The expected answer is the full listing, repeated exactly and free of images.

▶ [Supplied data]
++++++++++

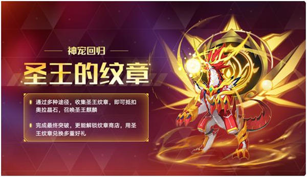 圣王麒麟的神宠回归中,将开启圣王纹章限时收集活动。活动期间,小奥拉可通过领取每日任务宝箱来获得圣王纹章,纹章可在圣王麒麟神宠回归活动中用于抵扣奥拉晶石,助力小奥拉获得圣王麒麟。此外,活动期间完成圣王麒麟最终突破后,还将解锁圣王麒麟纹章商店,可使用圣王纹章兑换多重好礼。
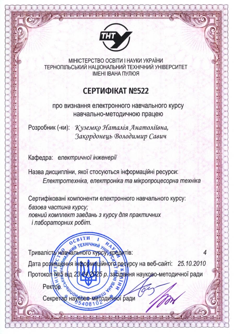 - Сертифікат № 522 від 23.04.2025 р. про визнання електронного навчального курсу «Електротехніка, електроніка та мікропроцесорна техніка» навчально-методичною працею.
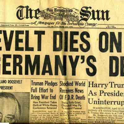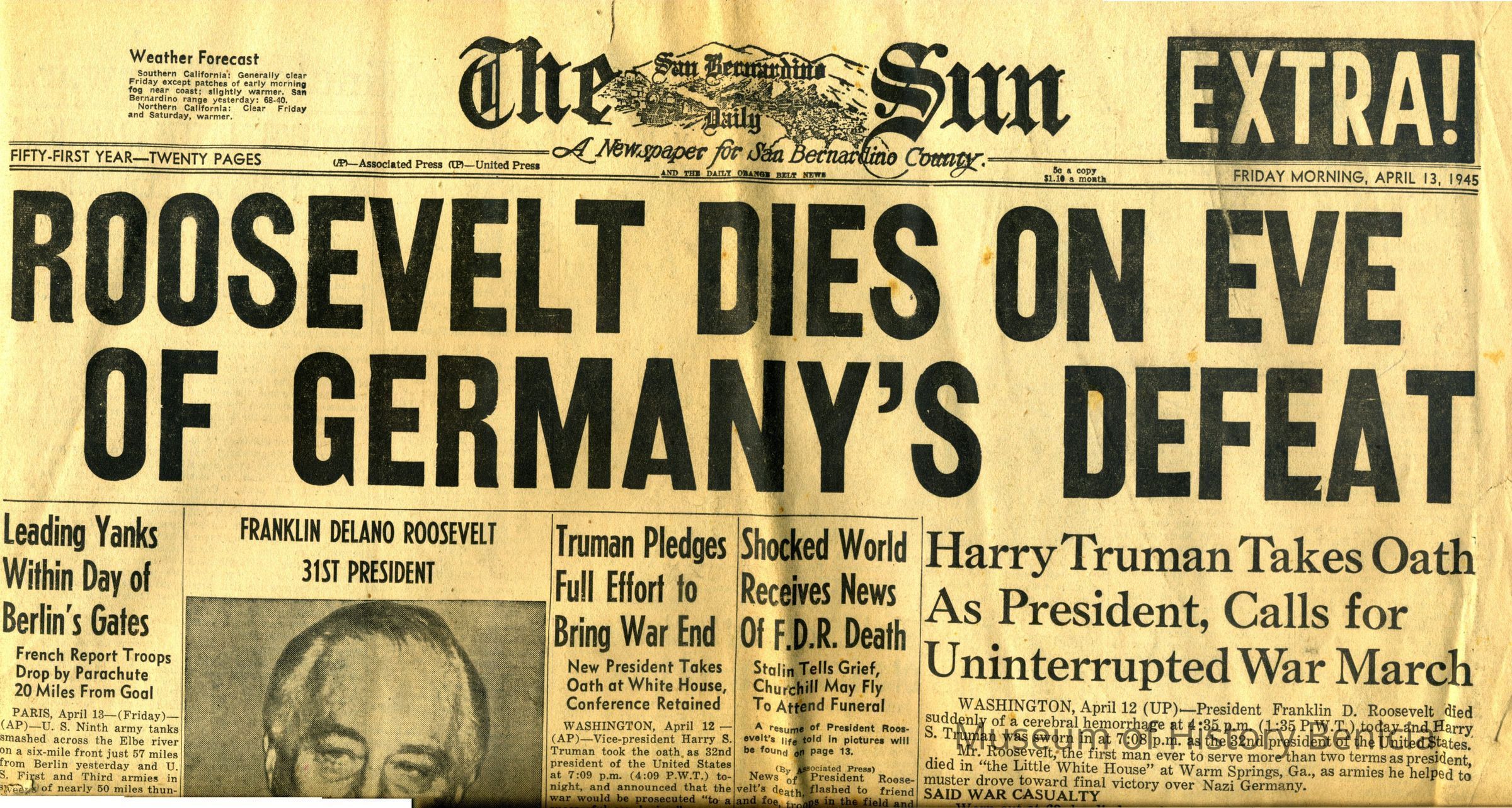 The San Bernardino Sun newspaper from 04/13/1945 with the headline "Roosevelt Dies on Eve of Germany's Defeat". Has a photo of Roosevelt.Collection
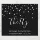Help her celebrate her 30th birthday in style with this simple but elegant design, featuring faux silver triangular confetti sifting down on the word "thirty" in light grey handwriting font on a black background. Personalise it with the name of the honoree in light grey sans serif font, along with the occasion and date below in smaller light grey type.

++++++++++

▶ [Exercise result]
 圣王麒麟的神宠回归中,将开启圣王纹章限时收集活动。活动期间,小奥拉可通过领取每日任务宝箱来获得圣王纹章,纹章可在圣王麒麟神宠回归活动中用于抵扣奥拉晶石,助力小奥拉获得圣王麒麟。此外,活动期间完成圣王麒麟最终突破后,还将解锁圣王麒麟纹章商店,可使用圣王纹章兑换多重好礼。
 - Сертифікат № 522 від 23.04.2025 р. про визнання електронного навчального курсу «Електротехніка, електроніка та мікропроцесорна техніка» навчально-методичною працею.
 The San Bernardino Sun newspaper from 04/13/1945 with the headline "Roosevelt Dies on Eve of Germany's Defeat". Has a photo of Roosevelt.Collection
Help her celebrate her 30th birthday in style with this simple but elegant design, featuring faux silver triangular confetti sifting down on the word "thirty" in light grey handwriting font on a black background. Personalise it with the name of the honoree in light grey sans serif font, along with the occasion and date below in smaller light grey type.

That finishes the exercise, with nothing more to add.